A friend of mine recently went to Ireland where some absolute monster pike grow. He visited a castle dating to the 15th century surrounded by a massive lake. There were "tales of 10 foot fish" similar to the Sword and the Stone Disney movie (it was my generation haha). He also saw a fish mounted in one of the bars that was 54". That's a huge pike


----------



## percidaeben (Jan 15, 2010)

PapawSmith said:


> Because of centuries of repression and 100 years of socialist rule they have developed a propensity to kill and eat everything the can find so if Pike that size were to swim in those waters I'm sure it is only in the past.


You've got to be kidding. At least I hope.


----------



## Weatherby (May 27, 2005)

That post is 4 years old and has no updates?


----------



## Mason52 (Aug 21, 2009)

Legend killer said:


> If you use the muskie formula...I estimated the fish at 96" and a girth of 25" and it is close to the 80lb mark.


Where did you come up with 25 inches? I buy 96" long, but I've caught muskies out of Caesar's bigger then 25" in girth.

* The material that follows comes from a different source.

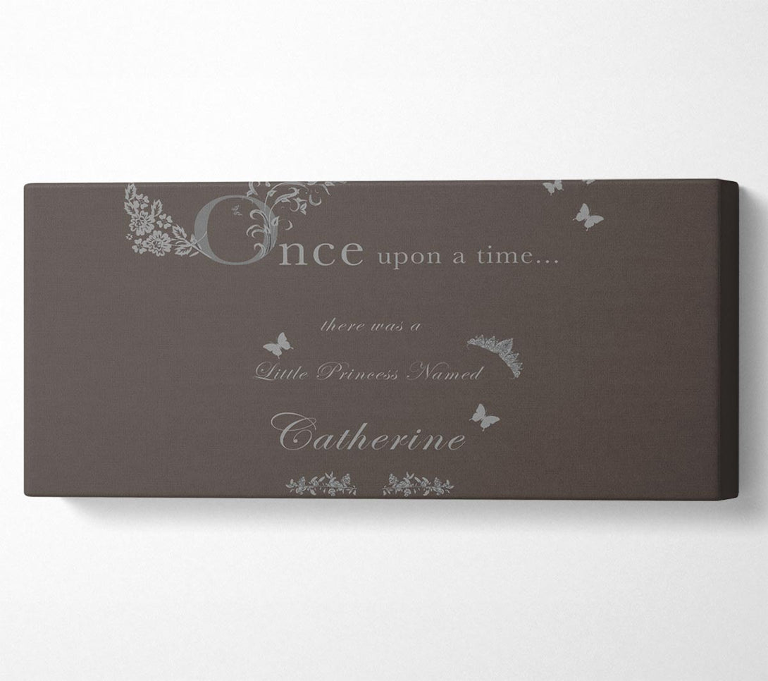 Once Upon A Time Your Name Chocolate canvas, printed on coated polyester canvas. Mounted on to a 44mm box frame, ready to hang.

I can't see a pike living long enough to get that big, but they do have some really big pike over in Europe.


----------



## sherman51 (Apr 12, 2011)

those are some very small men in that picture or a fish that size would weigh more like 200 lbs. its as big as any one of those men. just my opinion tho.
sherman


----------



## Ol'Bassman (Sep 9, 2008)

Having just seen a photo of an 80 lb catfish caught by John Kraft at the Germantown dam yesterday, I'd say it was about half the weight of that pike all things considered.


----------



## sbreech (Jun 6, 2010)

OMG I hope they didn't catch that thing if the water temperature was over 70 degrees. Heartless inhumane bass turds....  It would never survive a release. Never.


----------



## ShutUpNFish (Apr 17, 2007)

No doubt fake....


----------